挨拶にはスランプがないどころか
どういう過程で出来上がったのかは知りませんが、挨拶を発明した人はすごいと思います。あんまり知らない人でも挨拶を交わすと、少しは心が通い合ったような気がして、その後のやりとりがやりやすくなる。いや、挨拶によって本当に心が少し通い合っているんでしょうし、その「少し」が意外とデカいんです。必要なのはほんのわずかな勇気と時間。全ての挨拶がうまくいくとは限りませんが、費やすものに対してのリターンはきっと大きいでしょう。
とは言え、昔の私はわずかな勇気と時間も費やせませんでした。「挨拶をちゃんとしろ」と言われて「は?」となった時期もあります。もちろん、成長するにしたがって挨拶のすごさを思い知るんですが、挨拶について印象深い言葉を聞いた点もまた、挨拶を重視するようになった今の私を形作っているに違いない。
印象深かった言葉はふたつあります。ひとつ目は松村邦洋さんがたびたびおっしゃっている言葉「挨拶にスランプなし」です。松村さんは次の動画でも語られております。
仕事ではいい日も悪い日もある。でも、挨拶は調子に左右されづらい。やろうと思えば誰にでもできるものであり、その割には馬鹿にできないレベルでいい効果がある。だからやったほうがいいじゃないという話です。
もうひとつの言葉は私の友人です。友人は特に真面目ではないと申しますか、むしろいかに真面目な状況でふざけた言動をするかに命を懸ける、「逆にどうして芸人をやってないんだ君は」というタイプの人間ですけれども、挨拶だけは昔から本当にちゃんとやっていました。
友人がどうして挨拶を欠かさない人になったのか、そう言えば聞いたことがありません。「今更そんなこと聞いてもな」という照れもありますし、人格形成の根底部分に関わってくる話ですから本人も覚えていない可能性があります。ただ、一度だけその友人とたまたま挨拶の話になったんです。

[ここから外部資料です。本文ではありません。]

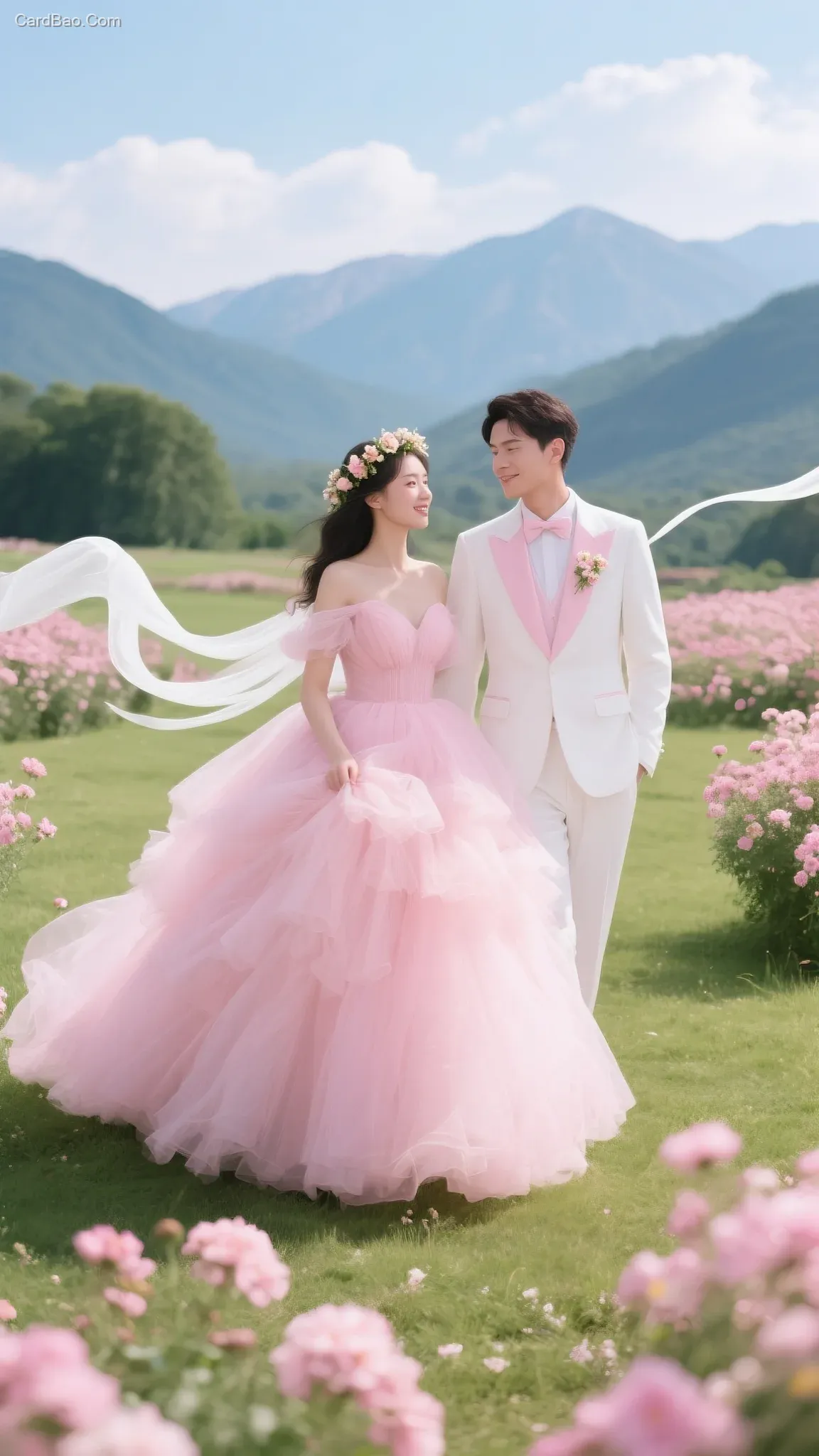 一对新人在户外草坪拍摄的婚纱照,新娘身着粉色蓬松大裙摆婚纱,头戴花环;新郎穿着白色西装搭配浅粉色装饰,胸前有小花点缀。周围是大片盛开的粉色花朵,背景是蓝天白云、连绵山峦,还有白色丝带飘动,营造出浪漫、甜美、梦幻的氛围

「挨拶しない人って俺、信じらんねえ。絶対にした方がいいに決まってるし」
友人はそう断言します。別に否定する要素もございませんので、私もうんうんとうなずいていました。友人は更に続けます。
「ニュース見て何も思わないのかね。悪いことして捕まる人っているじゃん。その時に容疑者の近所に住む人の話とか出るじゃん。『普通ですよ、挨拶したら返してくれますし』とか『ちゃんと挨拶してくれるいい子だったんですけどね』とか結構言ってんだよね」
思い返してみると、確かにそんな話をニュースでよく見聞きします。
「捕まるようなことをする人でも挨拶するだけで『普通の子』とか『いい人』とかいう感想になる事実がどういうことか、挨拶しない人は考えたほうがいいと思うわ」
もちろん、友人の主観がバリバリ入った意見ですから、必ずしも正しいとは限らないかもしれません。例として挙げている話もダークな方面ですから、眉をひそめる方もいらっしゃるでしょう。ただ、一理ある話だとは思いました。人間、相手が何を考えているかなんてなかなか正確に分かりませんし、挨拶をするかどうかが人を見る判断基準のひとつにしてしまう心理は理解できます。
さすがに万能ではありませんけれども、全然やらないよりはやっておいたほうがいい。そんな感じで私もウッカリ忘れない限りは、なるべくやるようにしています。